ケーパビリティベース
ケーパビリティベース(Capability-based)とは、情報セキュリティやコンピュータシステムの設計において、アクセス制御を行うための一つの手法です。 この手法では、ユーザーが利用できる機能やリソースについて、そのユーザーの「能力」に基づいてアクセス権限を設定します。つまり、ユーザーの役割や資格に応じて、アクセス権限を制御することができます。 ケーパビリティベースのアクセス制御は、ユーザーが特定の資格を持っている場合にのみ、リソースにアクセスできるようにするため、安全性が高いとされています。また、この手法は、システム全体を把握してアクセス制御を設定する必要がなく、個々のリソースごとにアクセス権限を設定できるため、柔軟性が高く、セキュリティ管理が容易になります。
ケーパビリティベースのOSフレームワーク
[編集]ケーパビリティベースのOSフレームワークは、セキュリティやプライバシーなどの要求事項に応えるために設計された、オペレーティングシステム(OS)のフレームワークです。
ケーパビリティベースのOSフレームワークでは、プログラムが必要とする権限を個別に付与することができます。これは、従来のUNIXなどのOSで使われているアクセス制御リスト(ACL)の代わりに、より柔軟性の高いアクセス制御方法を提供します。例えば、特定のファイルに対する読み取り権限だけを与えたり、ネットワークへのアクセス権限を制限することができます。

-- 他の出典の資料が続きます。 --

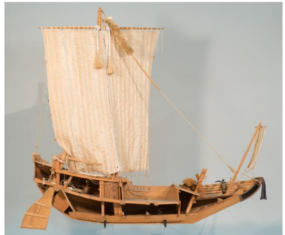
弁才船の内部構造模型 神奈川大学日本常民文化研究所所蔵

江戸時代の横浜をめぐる和船（千石船や高瀬船）の忠実な復元模型と、船を写した古写真・浮世絵で、横浜に関係する江戸時代の船をビジュアルに紹介します。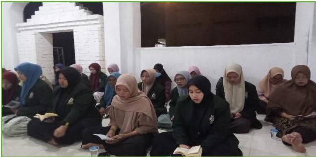
Kegiatan pembacaan Hadad bersama warga di Musholla Kal Bakal

このフレームワークには、様々なOSがあります。代表的なものに、CapROS、Eros、Coyotosがあります。これらのOSは、セキュリティやプライバシーに特化しており、セキュリティの脆弱性を防ぐための機能が組み込まれています。また、ケーパビリティベースのOSフレームワークは、分散システムにも適しており、複数のマシン間での安全なデータの共有が可能です。
Capsicum
[編集]Capsicumは、セキュリティに関する機能を提供するためにFreeBSDなどのUNIXとその他のUNIX互換OSに実装されたケーパビリティベースのセキュリティフレームワークです。 Capsicumは、プロセスのシステムコールへのアクセスを制限し、最小限の特権でアプリケーションを実行することができます。 Capsicumを使用することで、システムの安全性が向上し、攻撃者が悪用できる潜在的な脆弱性を減らすことができます。 Capsicumは、プロセスの権限を細かく制御できるため、プログラマーがより安全にアプリケーションを構築できるようになります。 Capsicumは、ファイルシステム、ネットワーク、プロセス、スレッドなど、様々なシステムリソースに適用できます。また、Capsicumは、セキュリティの問題を解決するために他のセキュリティフレームワークと組み合わせて使用することができます。 Capsicumは、Googleが開発したオープンソースのフレームワークであり、現在はFreeBSDとLinuxでサポートされています。
Capsicum for FreeBSD
[編集]Robert WatsonとJonathan Andersonによって開発されたCapsicumのFreeBSD実装は、FreeBSD 10.0からリリースに含まれるようになりました(FreeBSD 9.0、9.1、および9.2ではオプションでコンパイルされた機能として提供されています)。FreeBSDのCapsicumは、Capsicum APIおよびセマンティクスのリファレンス実装であり、他のプラットフォーム向けのポートのための出発点となるソースコードも提供しています(例えば、Linux向けのCapsicumおよびDragonFlyBSD向けのCapsicum)。
実装状況
[編集]Capsicum for FreeBSDは、Robert WatsonとJonathan Andersonによって実装されました。Capsicumは、最初にFreeBSD 9.0で実験的な機能として、カーネルからデフォルトでコンパイルされました。FreeBSD 10.0では、Capsicumの能力モード、機能、およびプロセス記述子がデフォルトでカーネルにコンパイルされ、ベースシステムとサードパーティのアプリケーションの両方で使用できるようになりました。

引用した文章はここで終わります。